**COLLECTED DATA**
******

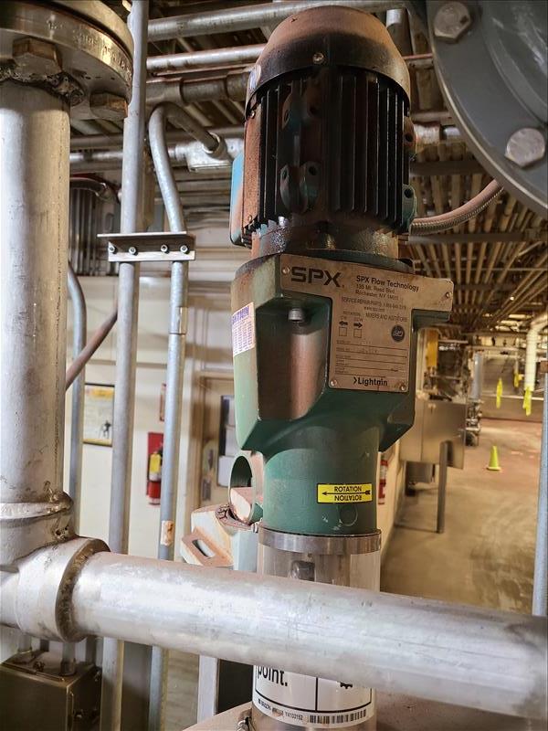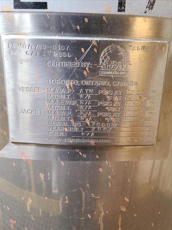 ADM stainless mix tank, s/n 7005-A2, with lightning agitator, 48 in straight side, 35 in diameter, 225 gal. cap., (2007) [Dryer Area]
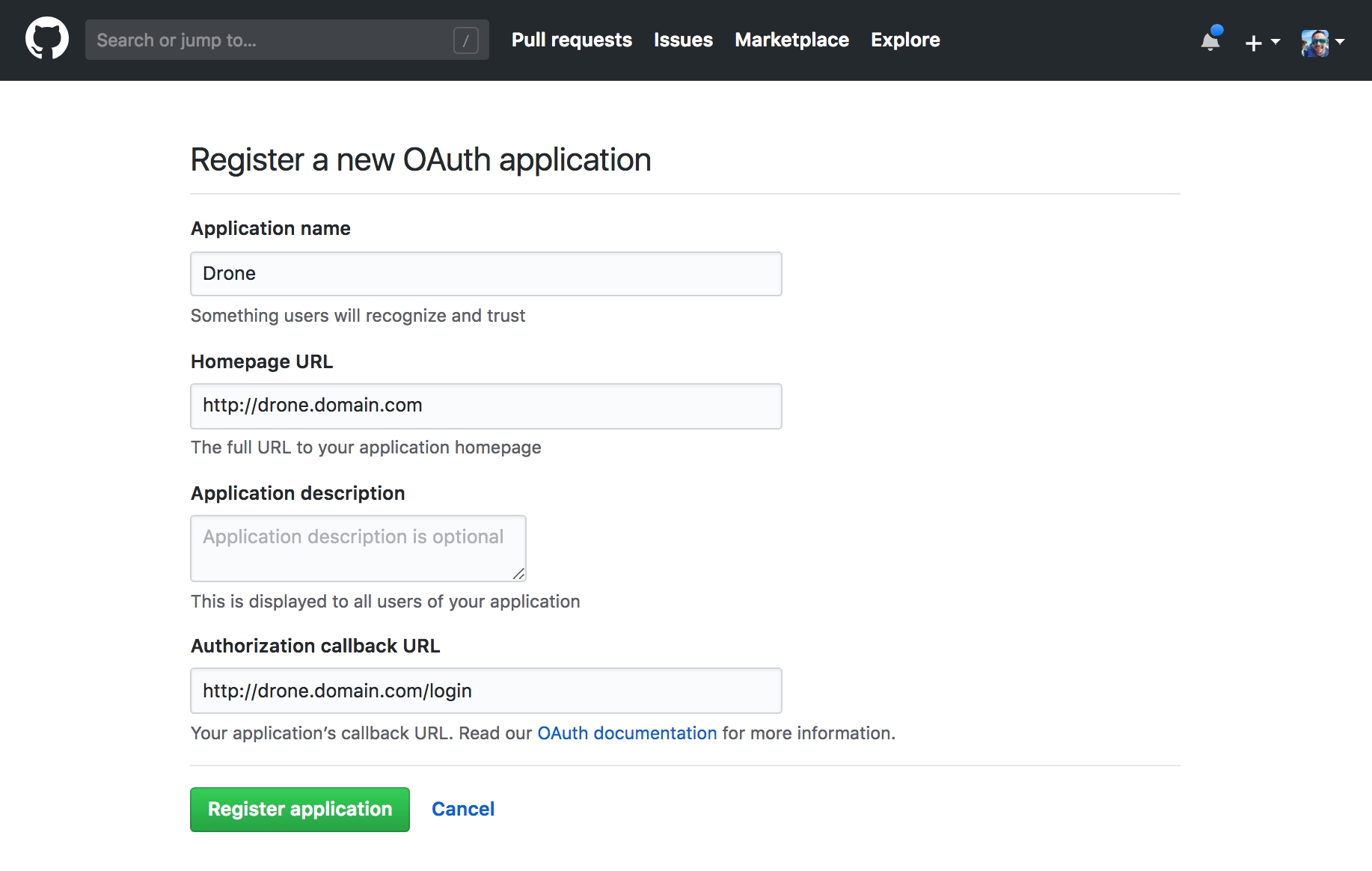登录 GitHub,在 https://github.com/settings/applications/new 新建一个应用。
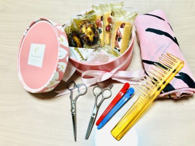 後日、ご家族様が訪ねて来てくださり、ご本人様が昔使っていたハサミやケープ、そしてお菓子をいただきました。
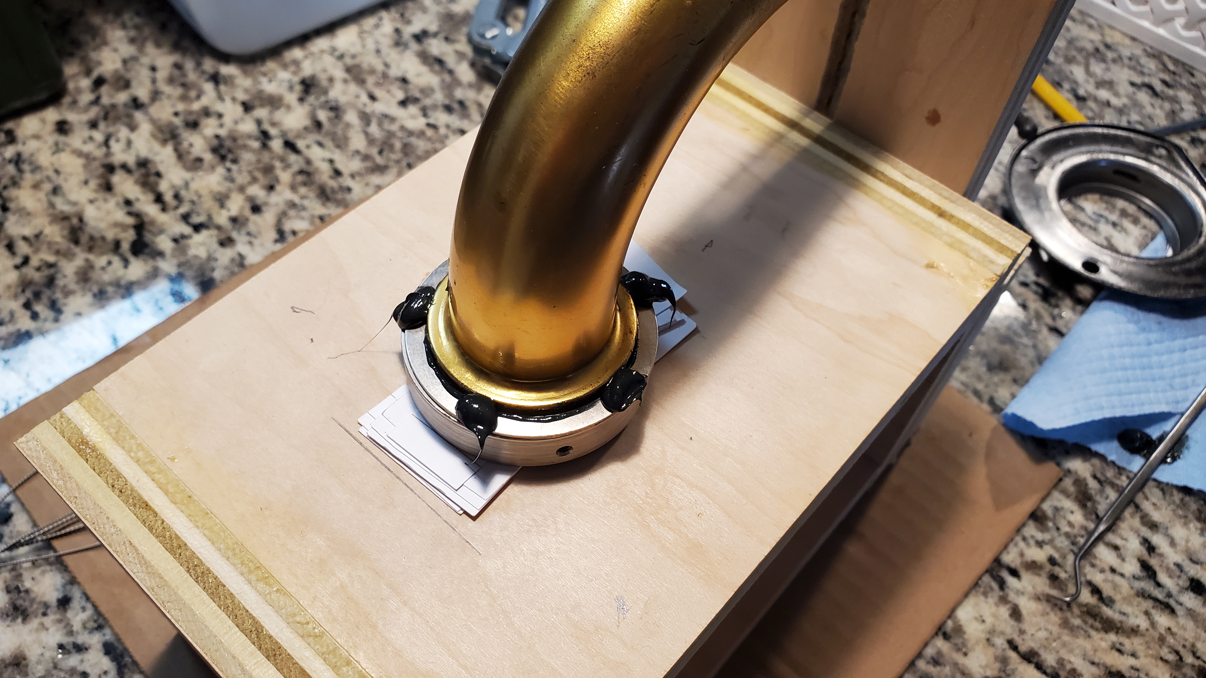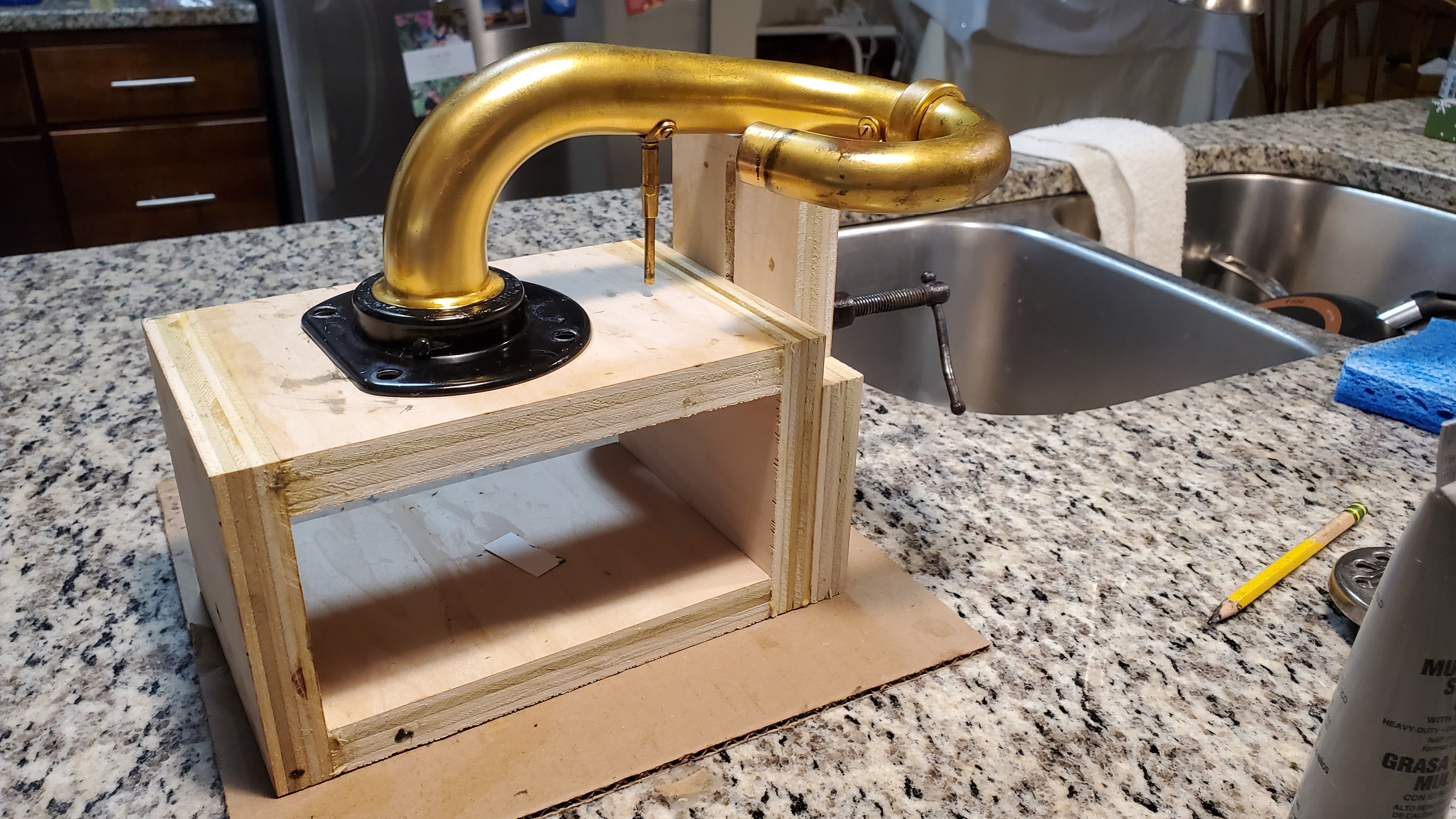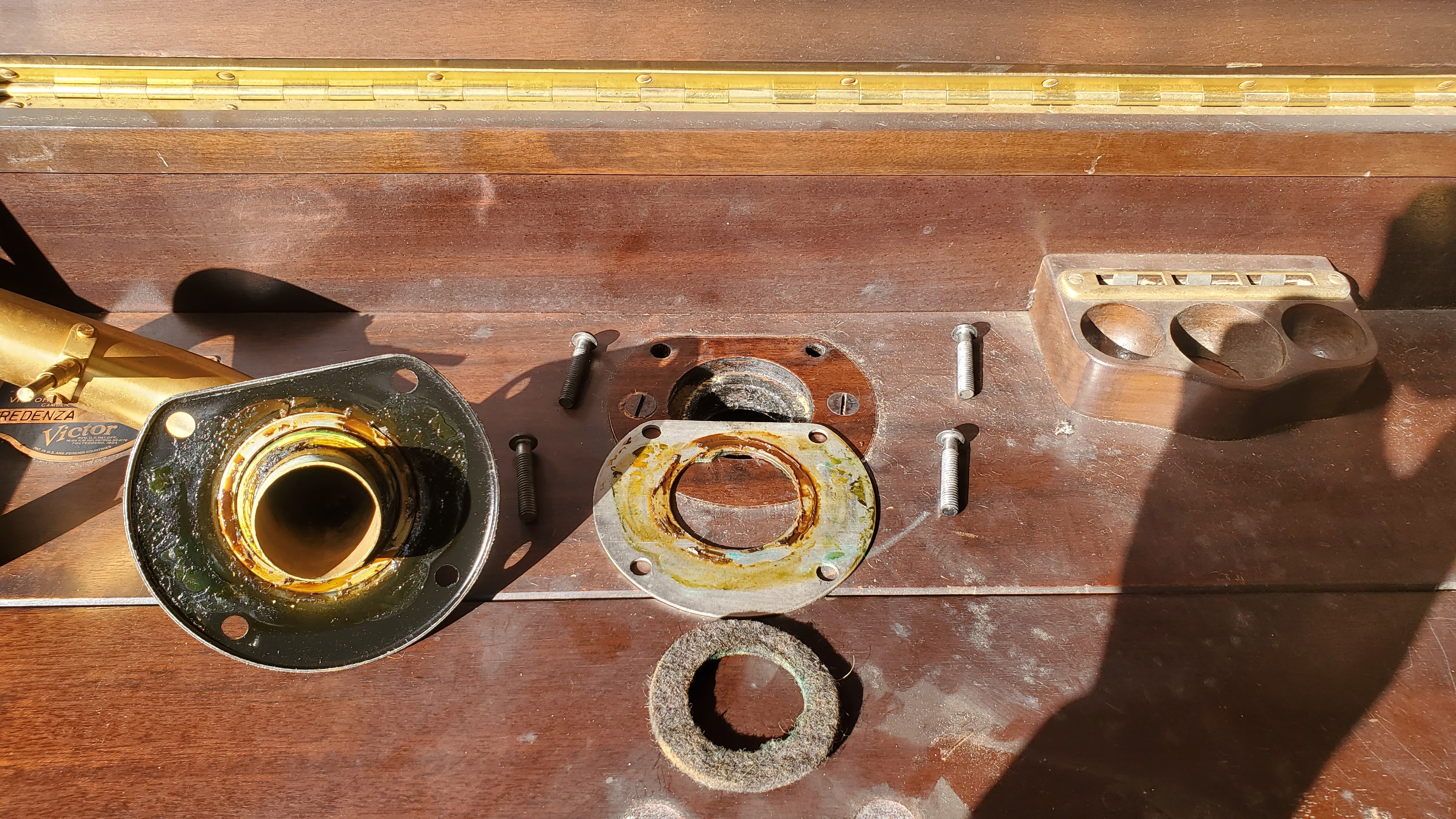 My biggest fear in this process was loosing a bearing or having them drop into the horn as I was trying to put this all together with the tone arm upside down.

******

**WHAT YOU HAVE TO DO**
The answer must be an exact copy of the lines from the one that holds "登录 GitHub,在 https://github.com/settings/applications/new" through the end of the data, both included, with no pictures.

**REPLY TO THE EXERCISE**
登录 GitHub,在 https://github.com/settings/applications/new 新建一个应用。
 後日、ご家族様が訪ねて来てくださり、ご本人様が昔使っていたハサミやケープ、そしてお菓子をいただきました。
 My biggest fear in this process was loosing a bearing or having them drop into the horn as I was trying to put this all together with the tone arm upside down.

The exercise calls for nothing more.